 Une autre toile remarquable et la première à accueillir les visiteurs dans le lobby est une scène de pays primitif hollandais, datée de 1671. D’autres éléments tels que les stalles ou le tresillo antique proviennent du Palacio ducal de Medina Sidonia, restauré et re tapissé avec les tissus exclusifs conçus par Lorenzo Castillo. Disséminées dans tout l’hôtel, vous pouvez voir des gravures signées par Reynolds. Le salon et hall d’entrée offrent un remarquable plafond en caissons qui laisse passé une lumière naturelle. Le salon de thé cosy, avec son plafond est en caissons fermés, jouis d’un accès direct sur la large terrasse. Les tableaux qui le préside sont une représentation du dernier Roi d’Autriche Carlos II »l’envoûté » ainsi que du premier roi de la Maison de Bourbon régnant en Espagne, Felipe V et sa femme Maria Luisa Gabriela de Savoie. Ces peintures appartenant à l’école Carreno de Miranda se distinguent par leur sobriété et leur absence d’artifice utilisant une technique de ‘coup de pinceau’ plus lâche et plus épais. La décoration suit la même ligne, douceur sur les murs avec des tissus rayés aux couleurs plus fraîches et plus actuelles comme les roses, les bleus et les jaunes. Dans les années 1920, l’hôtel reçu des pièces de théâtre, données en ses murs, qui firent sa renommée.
* * *
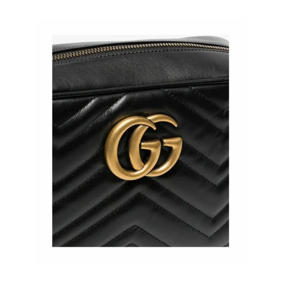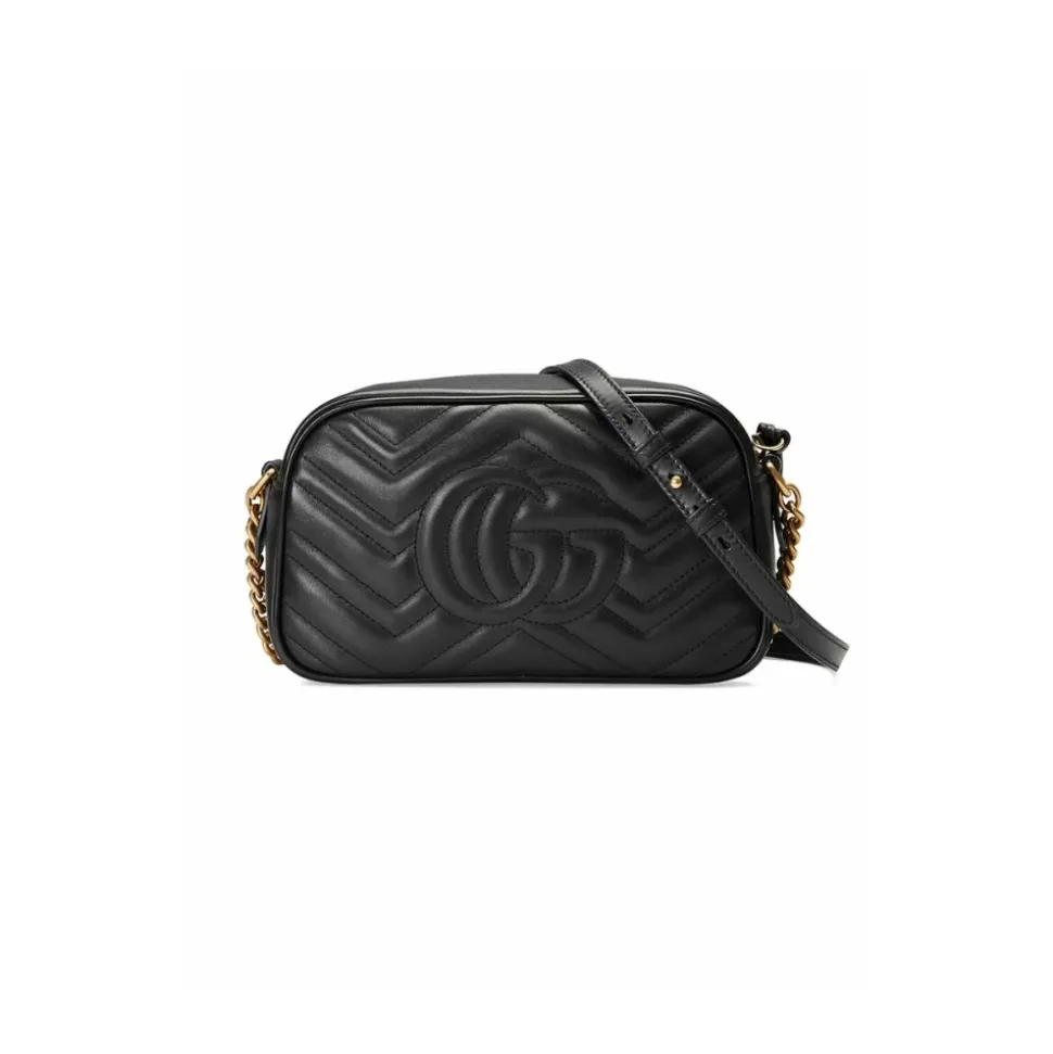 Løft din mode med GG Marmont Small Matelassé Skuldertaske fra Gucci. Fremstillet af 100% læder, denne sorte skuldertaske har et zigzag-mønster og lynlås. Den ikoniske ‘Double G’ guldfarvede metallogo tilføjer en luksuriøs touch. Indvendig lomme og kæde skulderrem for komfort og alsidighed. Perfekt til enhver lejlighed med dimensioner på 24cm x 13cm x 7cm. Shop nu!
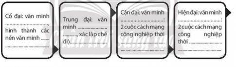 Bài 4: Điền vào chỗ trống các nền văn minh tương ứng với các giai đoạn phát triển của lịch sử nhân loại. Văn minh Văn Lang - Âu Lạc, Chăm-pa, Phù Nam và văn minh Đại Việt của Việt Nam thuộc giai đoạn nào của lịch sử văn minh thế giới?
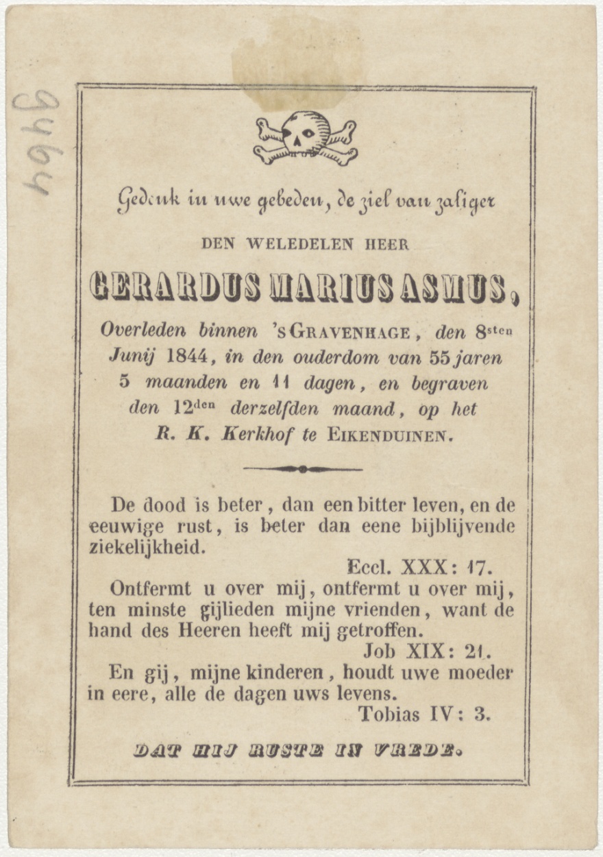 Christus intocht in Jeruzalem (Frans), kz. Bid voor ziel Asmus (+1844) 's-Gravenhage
...
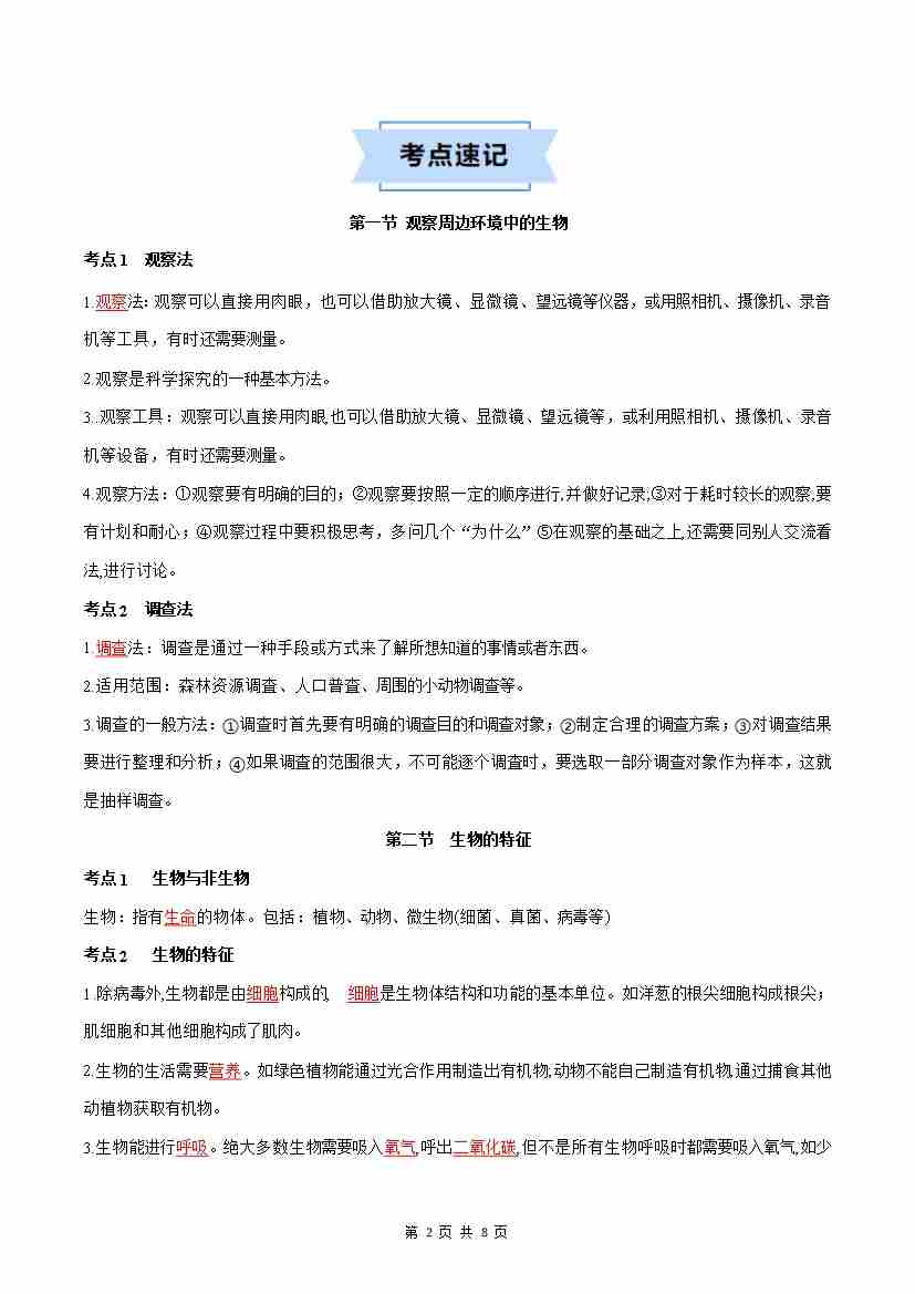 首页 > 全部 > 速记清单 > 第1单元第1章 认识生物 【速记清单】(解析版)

## WHAT IS NEEDED
A clean copy is needed of the lines in the listing above from the one with "Løft din mode" through the one with "Christus intocht in", exact in every word and free of pictures.

## EXERCISE RESPONSE
 Løft din mode med GG Marmont Small Matelassé Skuldertaske fra Gucci. Fremstillet af 100% læder, denne sorte skuldertaske har et zigzag-mønster og lynlås. Den ikoniske ‘Double G’ guldfarvede metallogo tilføjer en luksuriøs touch. Indvendig lomme og kæde skulderrem for komfort og alsidighed. Perfekt til enhver lejlighed med dimensioner på 24cm x 13cm x 7cm. Shop nu!
 Bài 4: Điền vào chỗ trống các nền văn minh tương ứng với các giai đoạn phát triển của lịch sử nhân loại. Văn minh Văn Lang - Âu Lạc, Chăm-pa, Phù Nam và văn minh Đại Việt của Việt Nam thuộc giai đoạn nào của lịch sử văn minh thế giới?
 Christus intocht in Jeruzalem (Frans), kz. Bid voor ziel Asmus (+1844) 's-Gravenhage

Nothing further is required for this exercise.